Artificial Intelligence (AI) Meets LEI

The digital and globalized economy makes identity verification by businesses and authorities more important and more challenging to do accurately. Transparency of all actors is a prerequisite for any sustainable investment, qualified reporting, or analysis. Transparency starts with the discovery of the entities involved in a transaction. Today, AI algorithms are applied to answer the basic question of “Who am I doing business with?”. This wastes computing resources and only adds to the error associated with downstream objectives like risk analysis. Evolving digital transactions and ecosystems to use the LEI and vLEI to identify and authenticate organizations enhances trust in digital ecosystems and allows for the valuable application of AI algorithms to identify suspicious patterns and evaluate risks.

Identifying and understanding an entity’s legal form is crucial in many financial and business-related processes. Corporations' legal form and structure can inform how to conduct transactions effectively and serve as a risk indicator. The wide range of entity legal forms within and between different jurisdictions has made it challenging for organizations to categorize and structure this information effectively. This task becomes even more difficult due to the similarities in types and textual representation of these legal forms across jurisdictions. Automating the process of identifying an entity’s legal form can, therefore, lower risk, create transparency, and increase operational efficiency by enabling straight-through processing (STP) capabilities.

The LEI Repository provides high-quality, standardized, open-source legal entity data. These are prerequisites for any good data analysis project or an AI model. The currency of the LEI Repository is secured by updating it three times a day. Relying on global standards does not just ensure consistency. It increases the data quality and offers a ready-to-use labeled data set for developing Machine Learning (ML) and AI models.

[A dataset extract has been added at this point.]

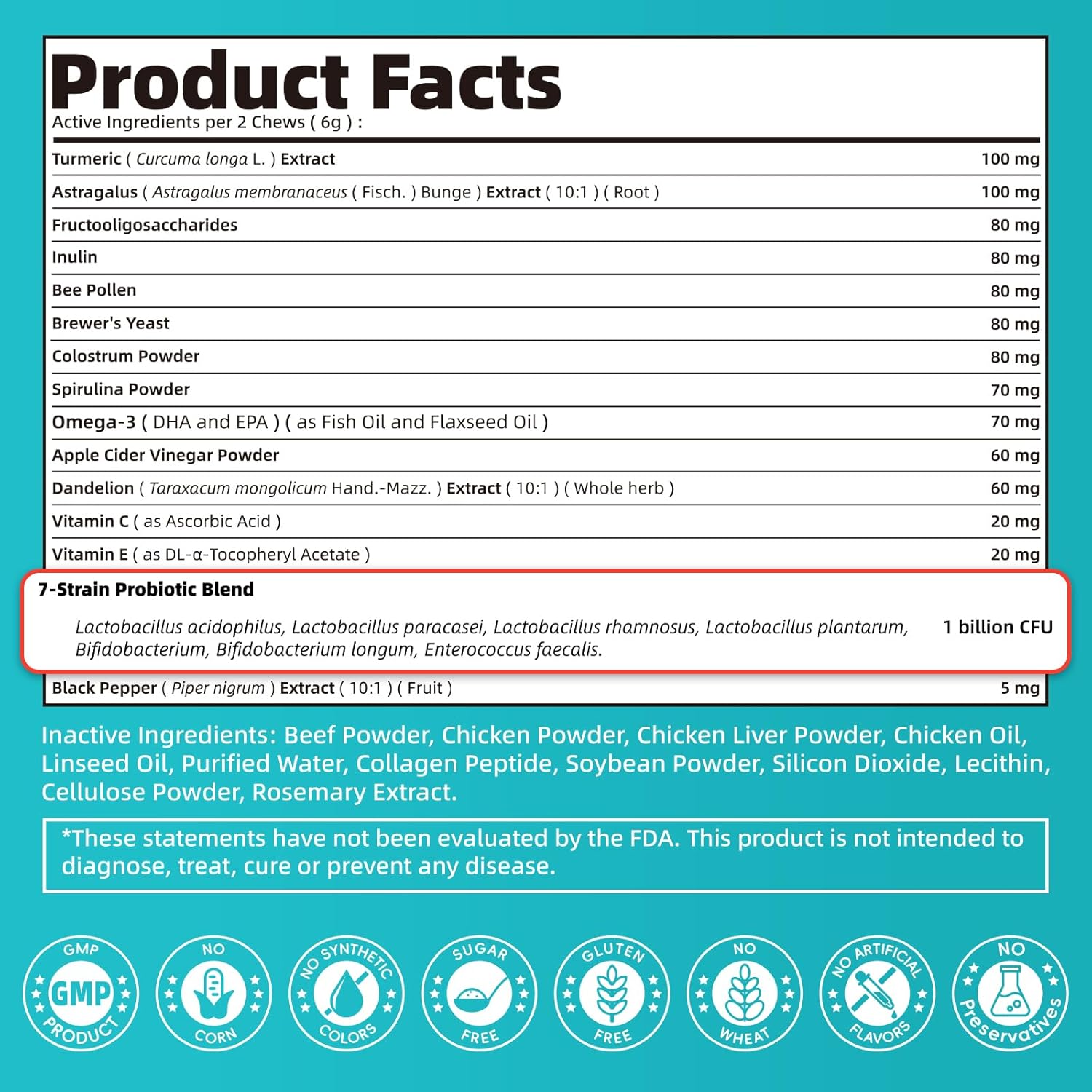 - Active Ingredients: Turmeric (Curcuma longa L.) Extract 100 mg Astragalus (Astragalus membranaceus (Fisch.) Bunge) Extract (101) (Root) 100 mg Fructooligosaccharides 80 mg Inulin 80 mg Bee Pollen 80 mg Brewer's Yeast 80 mg Colostrum Powder 80 mg Spirulina Powder 70 mg Omega-3 (DHA and EPA) (as Fish Oil and Flaxseed Oil) 70 mg Apple Cider Vinegar Powder 60 mg Dandelion (Taraxacum mongolicum Hand.-Mazz.) Extract (101) (Whole herb) 60 mg Vitamin C (as Ascorbic Acid) 20 mg Vitamin E (as DL-Ξ±-Tocopheryl Acetate) 20 mg 7-Strain Probiotic Blend Lactobacillus acidophilus, Lactobacillus paracasei, Lactobacillus rhamnosus, Lactobacillus plantarum, Bifidobacterium, Bifidobacterium longum, Enterococcus faecalis. 1 billion CFU Black Pepper (Piper nigrum) Extract (101) (Fruit) 5 mgSee more

Legal Entity Name Understanding (LENU)

GLEIF collaborated with Sociovestix Labs to create a machine learning tool that recognizes an entity’s specific legal form and automates its corresponding Entity Legal Form (ELF) code assignment. The ‘Entity Legal Forms (ELF) Code List’ is based on the ISO standard 20275 ‘Financial Services – Entity Legal Forms (ELF)’ and assigns a unique alpha-numeric code of four characters to each entity legal form. An entity's legal form is crucial when verifying and screening organizational identity. However, the wide variety of entity legal forms within and between jurisdictions has made it difficult for large organizations to capture legal forms as structured data. The tool, trained on GLEIF’s Legal Entity Identifier (LEI) database of over two million records, allows banks, investment firms, corporations, governments, and other large organizations to retrospectively analyze their master data, extract the legal form from the unstructured text of the legal name and uniformly apply an ELF code to each entity type, according to the ISO 20275 standard.

The tool, known as Legal Entity Name Understanding (LENU), delivers a range of benefits to both the organization and the broader global marketplace. These include:

Automating the standardization of unstructured data (entity legal form as part of the organization’s name), fostering greater data quality.
Overcoming legal form data classification problems stemming from, for example, language variations and abbreviation inconsistencies and promoting greater insight and transparency into the global marketplace.
Presenting the legal form of an entity in a machine-readable format, which can be utilized by AI tools and in other digitized business processes and applications.
Bypassing the risks and limitations associated with manual engagement with data, including time, inefficiency, human error, and high administrative costs.

By creating richer data sets with improved categorization of legal entities, the tool promotes greater insight and transparency into the global marketplace. It works with the LEI to create a globally consistent data set.

LENU is an open-source Python library accessible on Git Hub. LENU uses the LEI data to build jurisdiction-specific models and allows the user to get a suggestion for a legal form for any given legal name. GLEIF has established a data quality loop in which the legal form suggested by the tool is compared to the ELF code in the current LEI data. In case of clear discrepancies between the model’s results and the current LEI data, GLEIF creates data challenges, which are sent to the LEI issuers for exact verification and update of the data records, where needed. The updated data is then used to build the next version of the models with an improved data source, which ultimately boosts the model’s performance.

LENU utilizes transformer model architecture and BERT base models to process various languages and jurisdictions. The models are also available and ready to use on Hugging Face, where the user will find jurisdiction-specific models tailored for legal form detection.

GLEIF, University of St. Gallen, and Sociovestix Labs summarized their findings in a scientific research paper, “Transformer-based Entity Legal Form Classification”. The study highlights the significant potential of Transformer-based models in advancing data standardization and data integration. Introducing the entity’s legal form via standardized data items adds more confidence to entity linkage tasks, enabling robust mapping pairs across multiple datasets, as each entity can only have one legal form.

LENU Git Hub Repository

Hugging Face Models

Entity Legal Forms (ELF) Code List

Scientific Research Paper

We believe broader adoption of the ELF code standard will significantly enhance transparency while improving data integration tasks in various domains. By making our open-source library freely accessible to the public, we want to facilitate the adoption of ELF codes by entities worldwide. We invite all stakeholders to use it for entity legal form classification.